Compress reduces the size of files using adaptive Lempel-Ziv coding. The following is quoted from the UNIX man page for compress:
Compress uses the modified Lempel-Ziv algorithm popularized
in "A Technique for High Performance Data Compression",
Terry A. Welch, IEEE Computer, vol. 17, no. 6 (June 1984),
pp. 8-19. Common substrings in the file are first replaced
by 9-bit codes 257 and up. When code 512 is reached, the
algorithm switches to 10-bit codes and continues to use more
bits until the limit (default is 16 bits) is reached.
After the bits limit is attained, compress periodically
checks the compression ratio. If it is increasing, compress
continues to use the existing code dictionary. However, if
the compression ratio decreases, compress discards the table
of substrings and rebuilds it from scratch. This allows the
algorithm to adapt to the next "block" of the file.
The amount of compression obtained depends on the size of
the input, the number of bits per code, and the distribution
of common substrings. Typically, text such as source code
or English is reduced by 50-60%. Compression is generally
much better than that achieved by Huffman coding (as used in
pack), or adaptive Huffman coding (compact), and takes less
time to compute.
Tar, on the other hand, is responsible for saving and restoring multiple files from a single file. Coupled with compress, the two form a powerful utility for archiving files. A compressed archive may be stored on floppy disk for backup purposes or transmitted over a modem.
In general, small files do not compress very well. For that reason the above text has been repeated several times below to make a better example file.
Compress reduces the size of files using adaptive Lempel-Ziv coding. The following is quoted from the UNIX man page for compress:
Compress uses the modified Lempel-Ziv algorithm popularized
in "A Technique for High Performance Data Compression",
Terry A. Welch, IEEE Computer, vol. 17, no. 6 (June 1984),
pp. 8-19. Common substrings in the file are first replaced
by 9-bit codes 257 and up. When code 512 is reached, the
algorithm switches to 10-bit codes and continues to use more
bits until the limit (default is 16 bits) is reached.
After the bits limit is attained, compress periodically
checks the compression ratio. If it is increasing, compress
continues to use the existing code dictionary. However, if
the compression ratio decreases, compress discards the table
of substrings and rebuilds it from scratch. This allows the
algorithm to adapt to the next "block" of the file.
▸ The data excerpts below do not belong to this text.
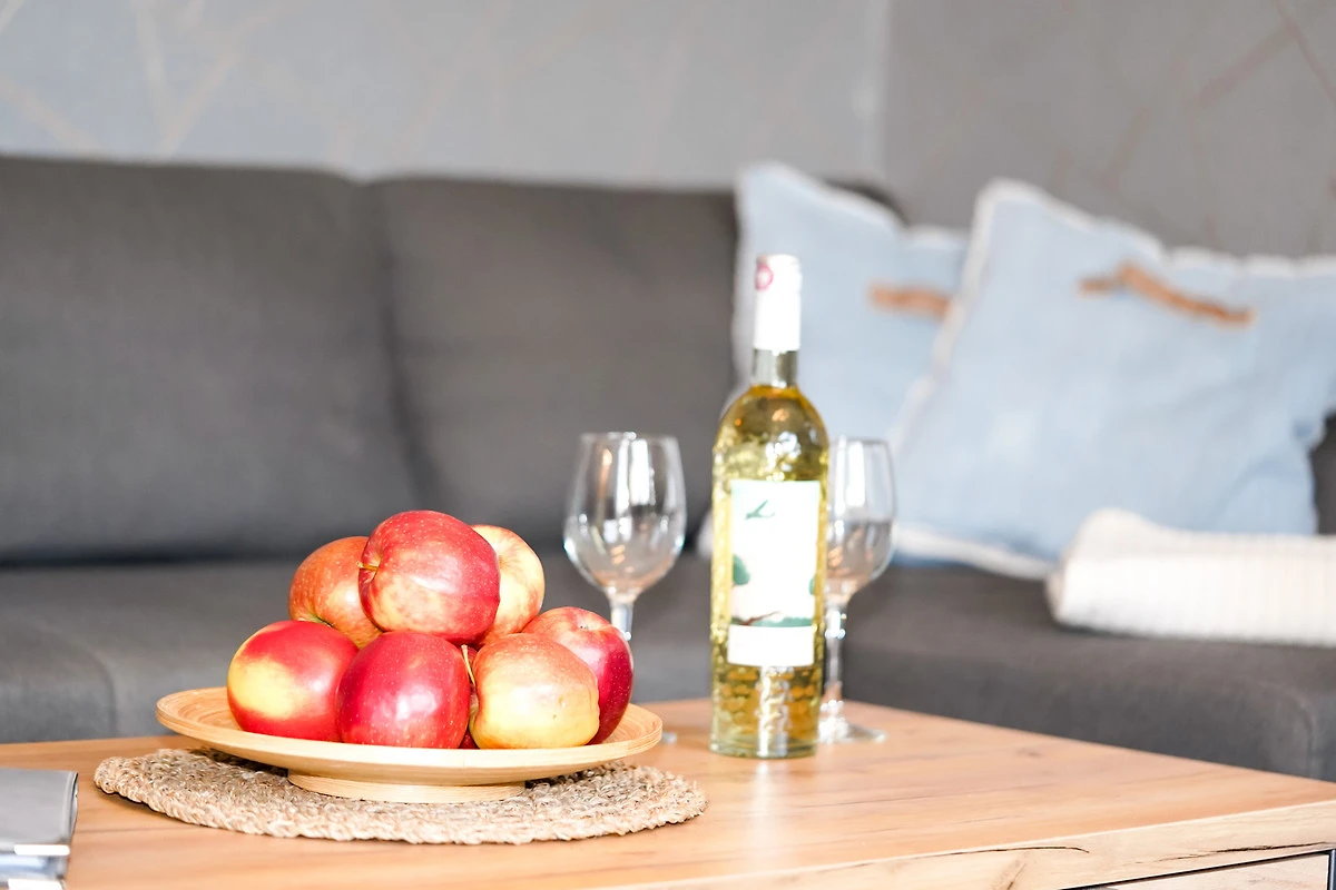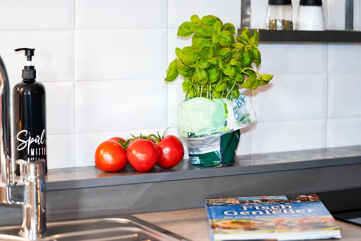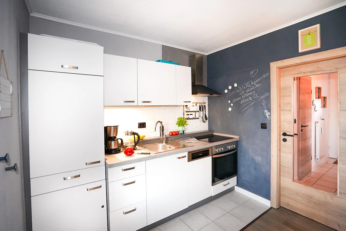 Die helle, moderne Ferienwohnung ist geschmackvoll eingerichtet und verfügt über eine neue Küchenzeile mit Ceranfeld, Backofen, Mikrowelle, Spülmaschine, Kühlschrank mit Gefriermöglichkeit und einer guten Küchenausstattung.
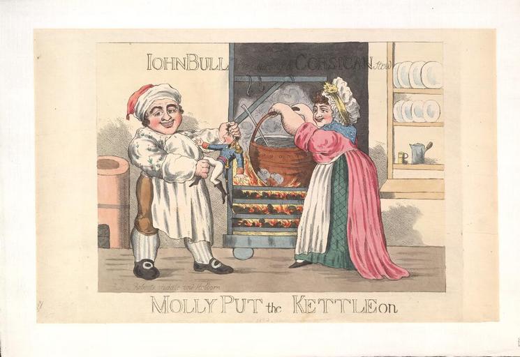 Keywords: Bodleian Libraries, John Bull preparing a Corsican stew- Molly put the kettle on.jpg Satire on the fear of French invasion 1794-1805 British political cartoon ; John Bull and his wife in their kitchen prepare to throw the little Napoleon into a boiling pot on the fire ; Bee stamp Not in BMC 245 x 316 image and text mm exhibition history Source filename politi004-apb-0001-0 object history object type Licensed-PD-Art PD-old-100 cc-by-4 0 place of creation London England Roberts place of discovery http //digital bodleian ox ac uk/inquire/p//3868cb8e-e63a-4515-a54e-d272aae4527f Digital Bodleian Template Bodleian Libraries John Bull preparing a Corsican stew Molly put the kettle on Uploaded with GWToolset Bodleian Libraries John Bull preparing a Corsican stew Molly put the kettle on http //iiif bodleian ox ac uk/iiif/image/3868cb8e-e63a-4515-a54e-d272aae4527f/full/ 1000 1000/0/default jpg Files uploaded by the Bodleian Libraries' Wikimedian In Residence Napoleonic Wars Caricatures of Napoleon I of France John Bull Curzon Collection |
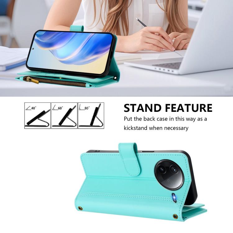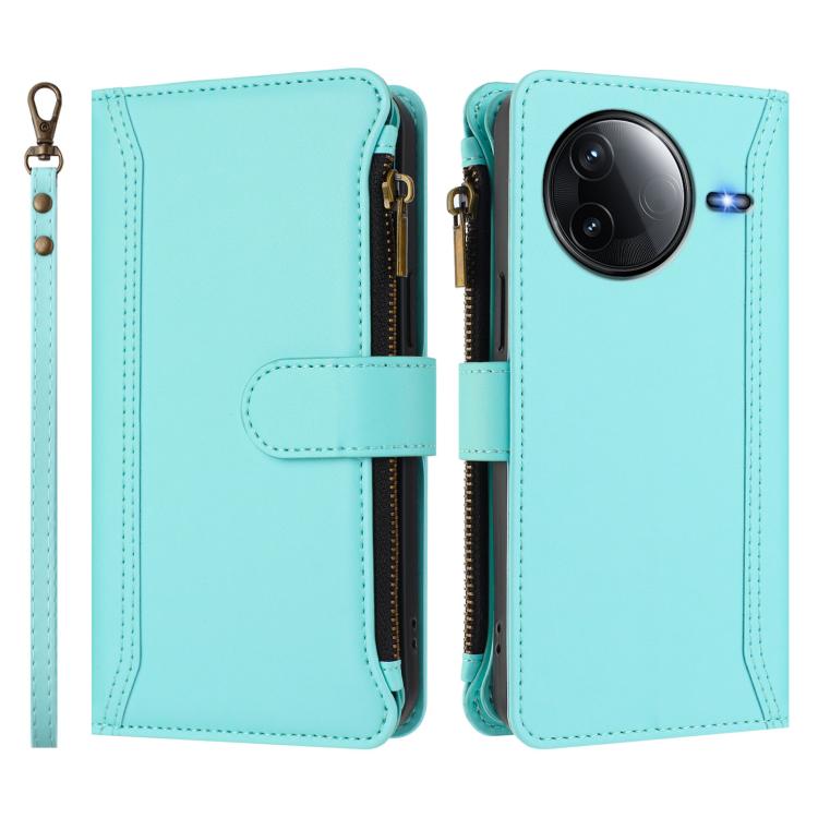 For Redmi K80 / K80 Pro Magnetic Closure 9 Card Slots Zipper Leather Case with Hand Strap(Mint Green)

The amount of compression obtained depends on the size of
the input, the number of bits per code, and the distribution
of common substrings. Typically, text such as source code
or English is reduced by 50-60%. Compression is generally
much better than that achieved by Huffman coding (as used in
pack), or adaptive Huffman coding (compact), and takes less
time to compute.
Tar, on the other hand, is responsible for saving and restoring multiple files from a single file. Coupled with compress, the two form a powerful utility for archiving files. A compressed archive may be stored on floppy disk for backup purposes or transmitted over a modem.
Compress reduces the size of files using adaptive Lempel-Ziv coding. The following is quoted from the UNIX man page for compress:
Compress uses the modified Lempel-Ziv algorithm popularized
in "A Technique for High Performance Data Compression",
Terry A. Welch, IEEE Computer, vol. 17, no. 6 (June 1984),
pp. 8-19. Common substrings in the file are first replaced
by 9-bit codes 257 and up. When code 512 is reached, the
algorithm switches to 10-bit codes and continues to use more
bits until the limit (default is 16 bits) is reached.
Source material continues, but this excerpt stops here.